Black Pete, Islam, and the Sexualization of Cultural Protectionism in the Netherlands

Thursday, July 9, 2015
H402 (28 rue des Saints-Pères)
Markus Balkenhol , Vrije Universiteit Amsterdam
Jan Willem Duyvendak , University of Amsterdam
Paul Mepschen , University of Amsterdam
In the Netherlands, sexuality has come to play an increasingly important role in giving form and shape to a cultural protectionist idiom through which contemporary Dutchness takes shape. First, the debate about ‘Zwarte Piet’ - the blackface figure that plays an important role in Dutch December celebrations - has become increasingly important. While ‘race’ and racism is at the forefront of this debate, it is often clad in a sexualized idiom. Second, the debate surrounding the presence of Muslim citizens has been played out in and through a language of sexual freedom and progress and (alleged) Muslim conservatism - a dynamic that has simplified the socio-political space by symbolically dividing society between the homotolerant and the homophobic, peripheralizing homophobia as a quality of non-secular, non-white, cultural others. We approach these questions through the lens of socio-ethnic leveraging.

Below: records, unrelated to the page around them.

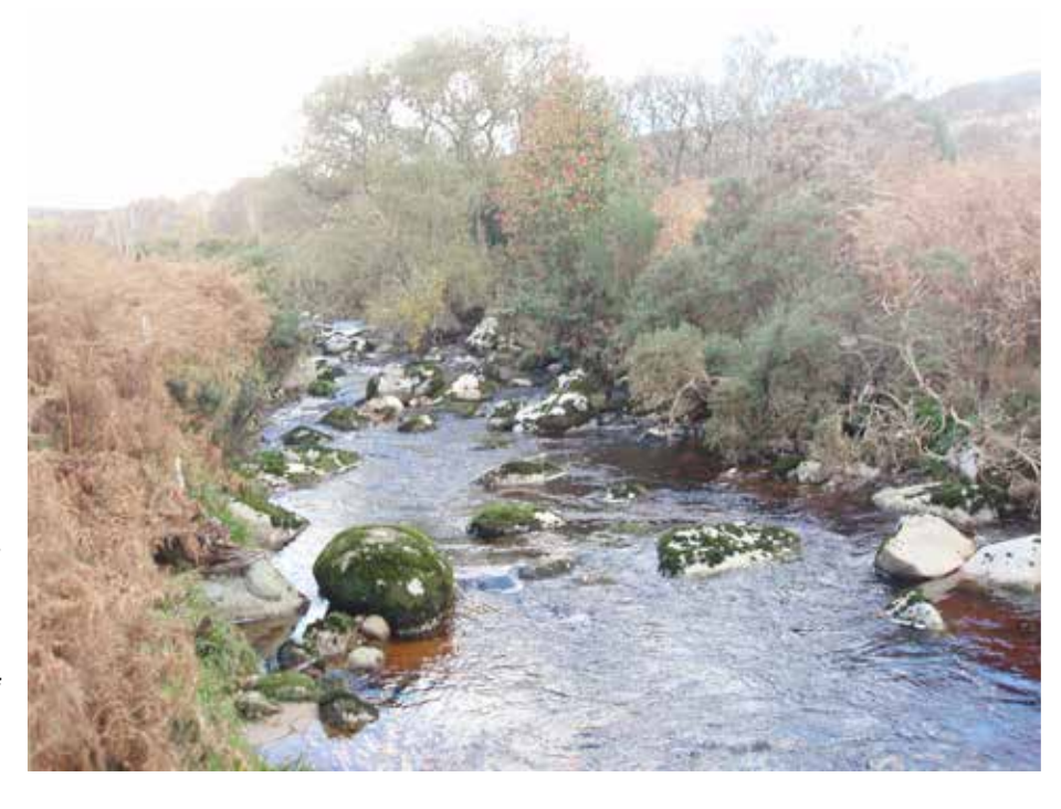
Photo 1 It is almost certain that upland marginal river catchments, such as the Glencree Valley in Co. Wicklow, were clothed in native woodland for centuries. Today, only small sparse pockets of native woodland remain within these landscapes.

The Woodlands of Ireland (WoI) project, comprising interested native woodland stakeholders, is an initiative established in 1998 to address the sustainable management and expansion of native woodland. By working closely in partnership with other professional organisations, statutory agencies and individuals, the organisation has been to the forefront in the initiation and development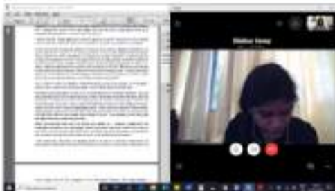
One of the girls reading Malgudi Days through Skype

The girls didn't suffer from isolation because they had each other like a family.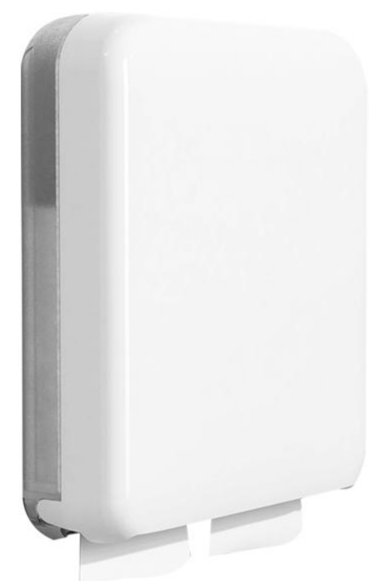
Double Folded Toilet Tissue Dispenser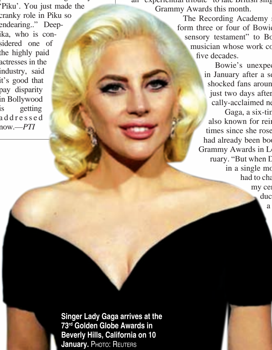
Singer Lady Gaga arrives at the 73rd Golden Globe Awards in Beverly Hills, California on 10 January.

Adele is far from the only pop or rock star to have seen politicians co-opt their music for political purposes. Rock band R.E.M. lashed out in September at Trump for using its hit song, "It's the End of the World" at a rally, and Frankie Sullivan complained about the use of the band's 1982 hit "Eye of the Tiger," at a news conference in September featuring Kim Davis, a county clerk in Kentucky briefly jailed for refusing to issue gay marriage licenses.—Reuters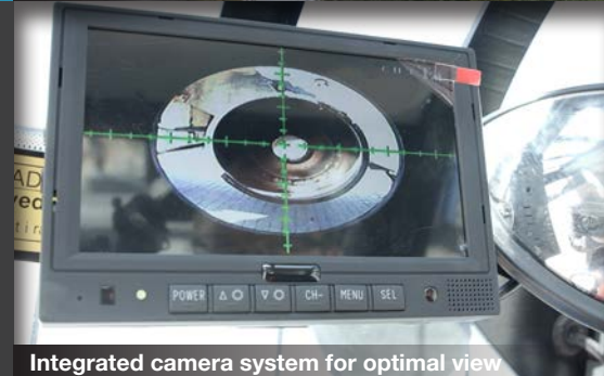
Integrated camera system for optimal view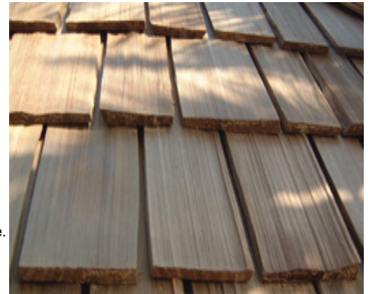
Sold by the sq (5 bundles per/sq)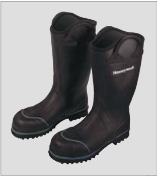
Model 1000 Ranger™ Air

Premium, top of the line model, offers complete protection and lightweight comfort. Only rubber boot on the market utilizing athletic spacer mesh material laminated to buoyant, waterproof neoprene. A combination of natural rubber and butyl rubber ensures complete chemical protection to certified standards.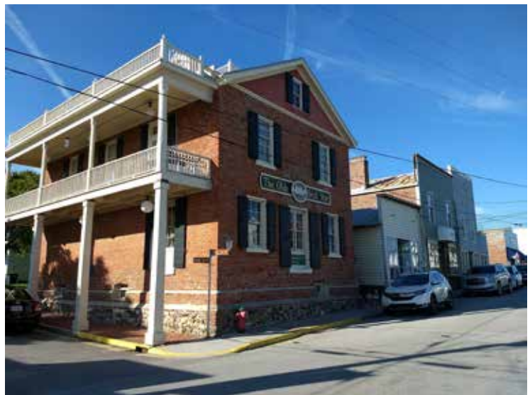
Historic downtown Swansboro

The rights-of-way within these districts may be narrower than typical local streets of Swansboro with two-way traffic and on-street parking but will not be as narrow as those in the historic downtown. These roads are meant to handle slow speed traffic and serve a similar purpose as a parking aisle so that people can park-and-walk to their destinations. Sidewalks flank the roads and buildings built up to or within a few feet of the right-of-way line.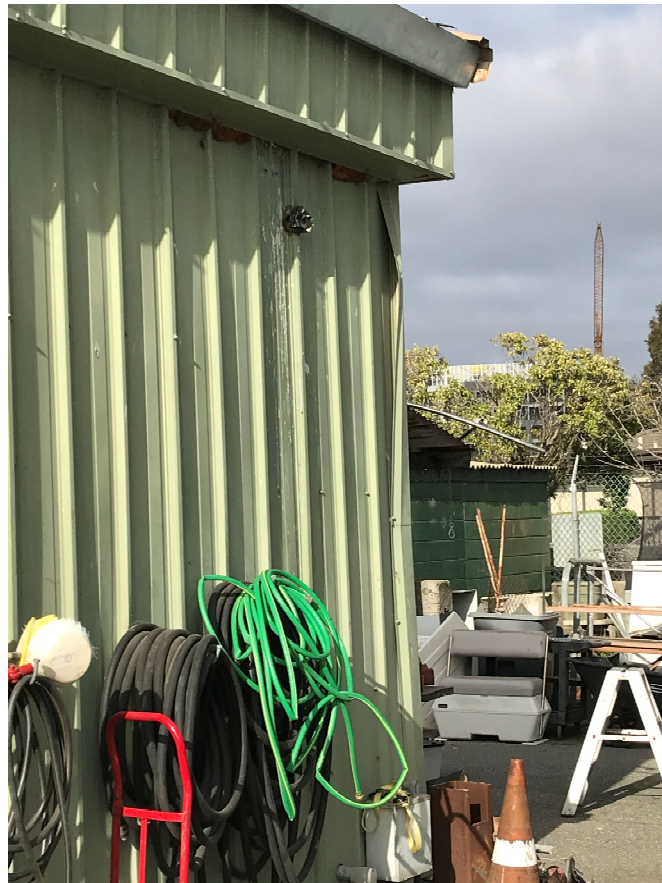
53 – View of warped northwest corner of Maintenance Building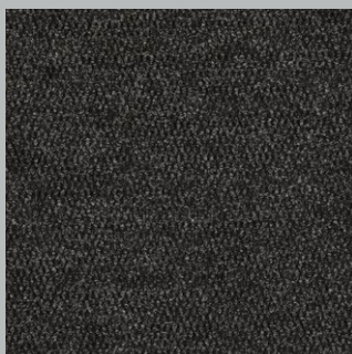
Kelp L = 15.56 Y = 2.01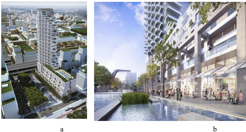
Fig. 2. Monde Condos: a - look outside, b - the collective space of Monde Condos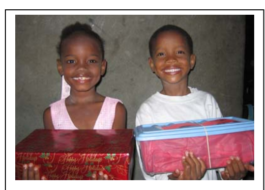
Area children receiving donated Christmas gifts from Minnesota & Florida!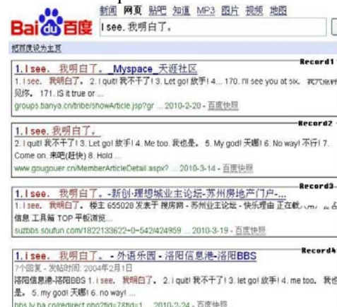
Figure 1. An example of search engine return

Some basic concepts are introduced below.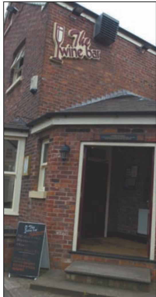
Contemporary ambience at The Wine Bar

Pirates Paradise can be found at Unit 8, Manor Lane, Holmes Chapel and is open weekdays from 9.30am to 6.30pm and from 9.30am to 5.30pm weekends and bank holidays. The entrance fee is just £3.50 per child and for more information, visit the website www.boredtotears.co.uk or call 01477 549008.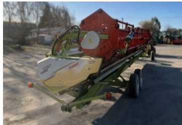
Claas Vario 1050 Header 208917 (T) Vario 1050 Header, Implement or Attachment, 2011, Used $45,000.00+GST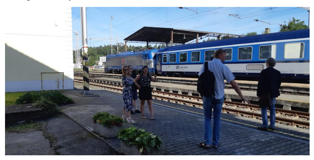
The 20th of August-Kaplice railway station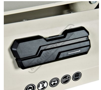
Blade Storage Holder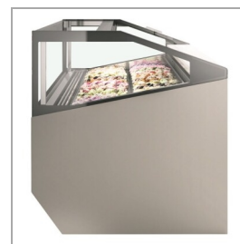
Glass end walls as standard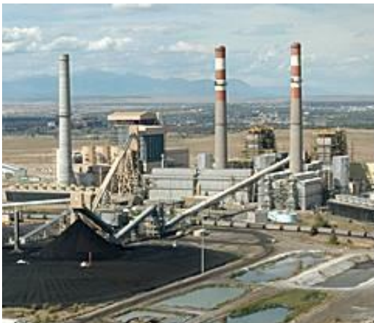
Commanche Generating Station, near Pueblo At 1426 MW, the largest power plant in Colorado It burns Wyoming coal in 3 units and is operated by Xcel Energy

A short walk took us to the first of our sites -- the Denver headquarters of Xcel Energy Inc. , where the utility's energy dispatch center is located. Minneapolis-based Xcel Energy is investor owned and supplies electricity to 3.3 million customers in eight states through three operating companies – Northern States Power, Southwestern Public Service Company, and Public Service Company of Colorado. Xcel generates about two-thirds of its electricity and buys the rest from power authorities and other utilities. Xcel operates 81 generating stations, with a total capacity of 17 gigawatts. Energy sources include coal, natural gas, uranium, wind, water, fuel oil, sunlight, and biomass.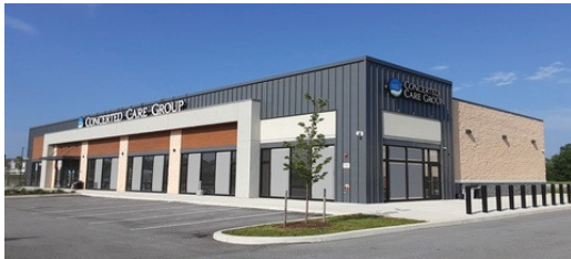
Gateway Medical Building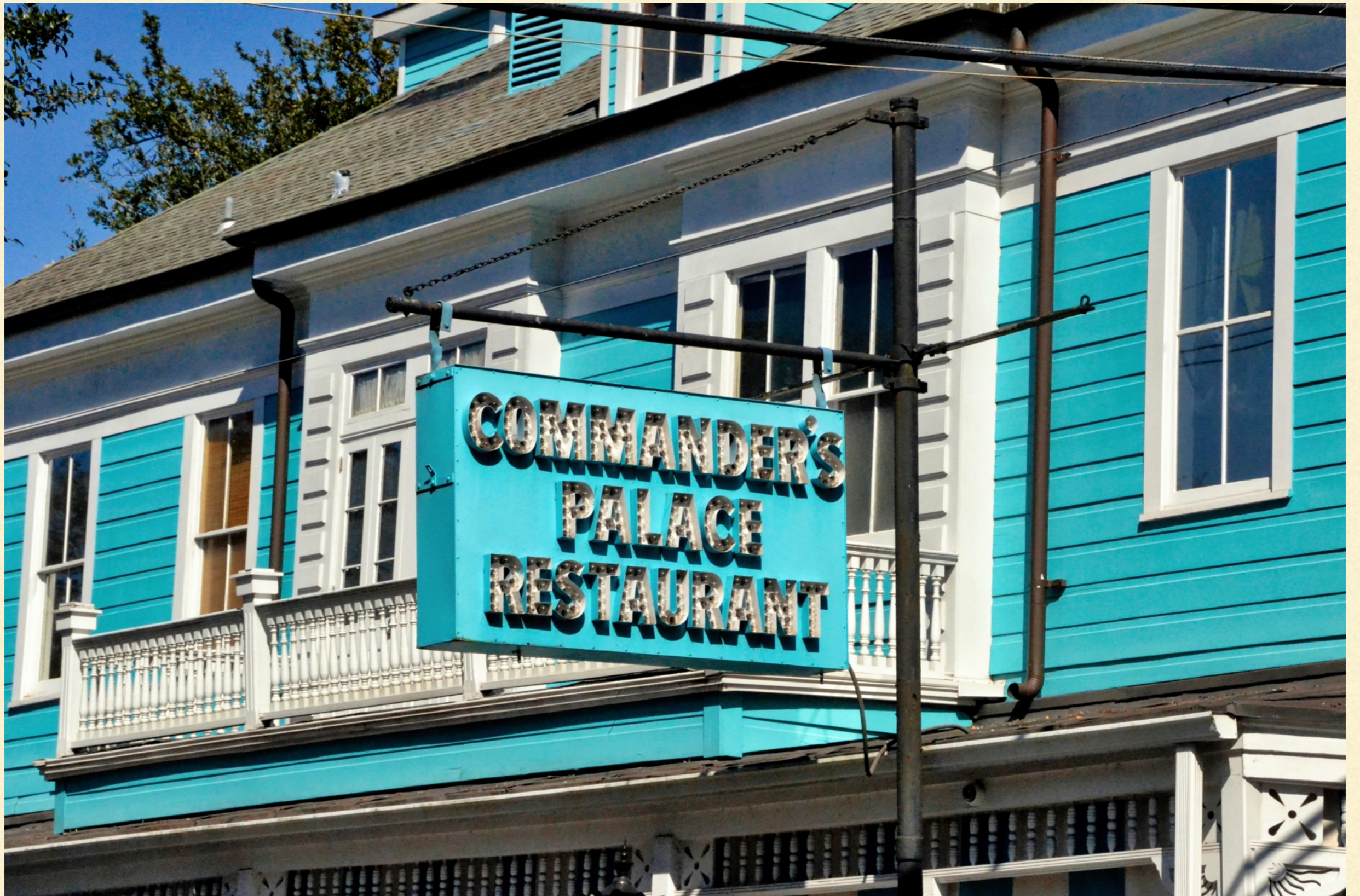
FAMOUS NOLA RESTAURANT...Dick Golobic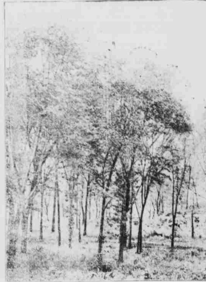
Go to Your Own Woods and Select Your Trees.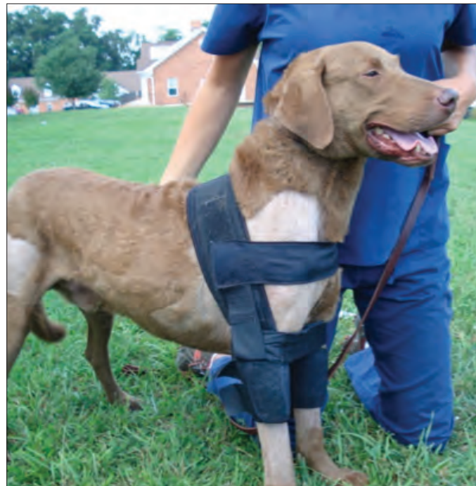
FIGURE 4. DOG WITH CONCURRENT SHOULDER PATHOLOGY PLACED IN HOBBLER AS PART OF THE POST-OP REHAB PROGRAM.

During this phase, rehabilitation therapy focuses on preservation of range of motion, addressing not only the tendinopathy, but any compensatory issues as well. Once the tissues have healed, rehabilitative therapy focuses on muscle strengthening and reconditioning for long-term tissue protection from re-injury.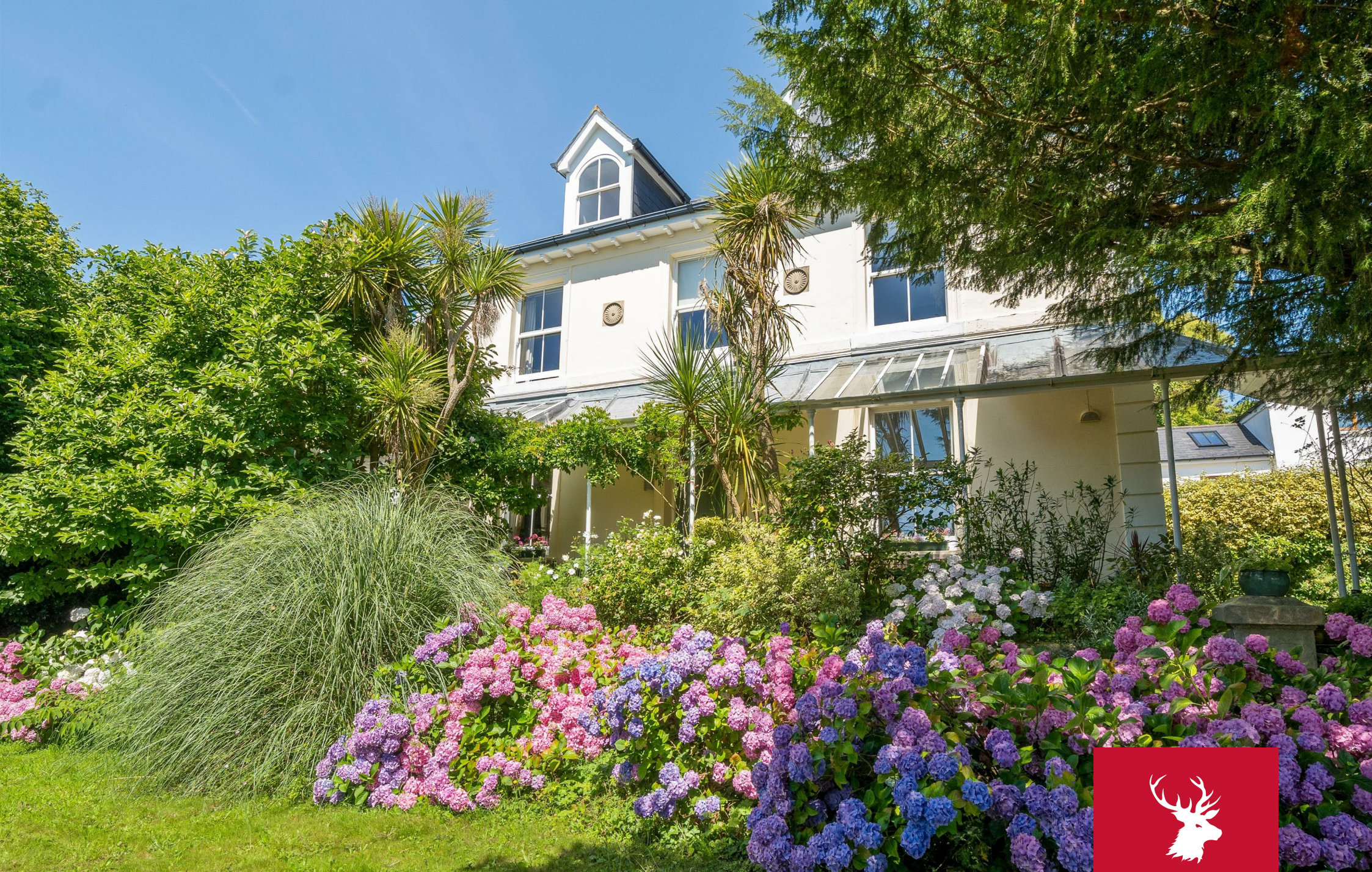
Ashwell, East Street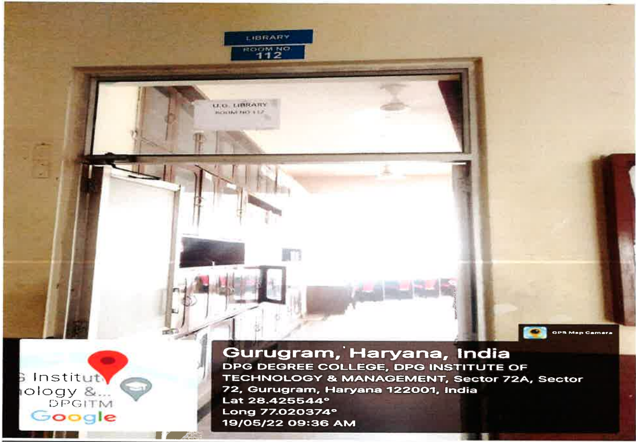
LIBRARY-2 (Block A)(Annexure 4.1.1. (6)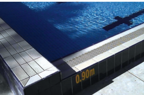
Image of renovated scum gutter to wet deck

The Urrbrae Pool's gutters were removed and replaced with a wet deck system on both sides. These measures enhanced the pool's aesthetics and helped with the conservation of water. Tiles then needed replacing along the pool sides and in other areas where years of wear and tear had taken their toll.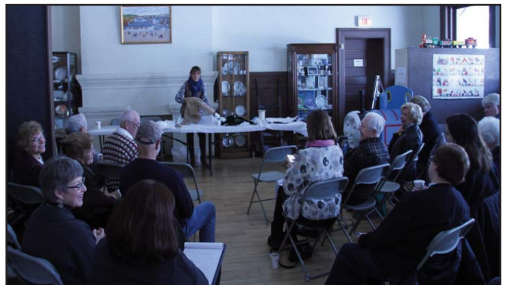
Above Photos: Members of the CLHO Collections Colleague Circle at the DRM listening to a lecture.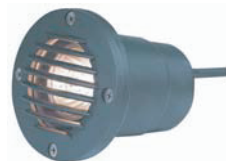
CL-326, BK, BR, NM, SS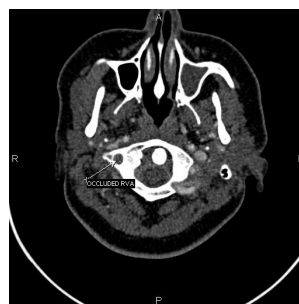
Figure 3. Axial image shows RVA occlusion.

occlusions which might occur due to hyperrotation, hyperextension, cervical traction or cervical fracture dislocation. Atlanto-occipital and atlanto-axial joints, and fifth and sixth cervical vertebrae are common sites for combined fracture dislocation and compression. Nevertheless, atlanto-occipital and atlanto-axial joints, and foramen magnum are common sites for arterial stenosis and/or occlusion caused by hyperrotation or hyperextension. Ischemic syndrome of the brain stem or spinal cord are conditions which might rise following bilateral obstruction of vertebral arteries, obstruction of a single vertebral artery combined with inadequate flow in the counterpart artery and finally, embolism, atresia or thrombosis of the posterior communicating or nearby collateral arteries. Rapid excessive rotatory movement or hyperextension of the head with no associated fracture or dislocation are scenarios following which ischemic brain stem or spinal cord syndromes might be seen. 6 Although there is no documented decisive evidence for

The perception of black sexuality oscillates between the affect-laden idea of wildness in need of domestication (a classic colonial discourse) and an object through which a Dutch sexually liberated self is articulated. Hence, when set off against Muslim Dutch, black sexuality becomes part of a discourse of sexual emancipation. In other moments when ‘Dutch culture’ or ‘cultural heritage” is perceived to be under threat, black sexuality is framed in racist terms. The ‘co-incidence’ of these different articulations of sexuality, race and the construction of alterity must be understood in terms of an increasingly dominant cultural protectionism through which a peculiar, postcolonial white, secular Dutchness is being redefined and re-imagined.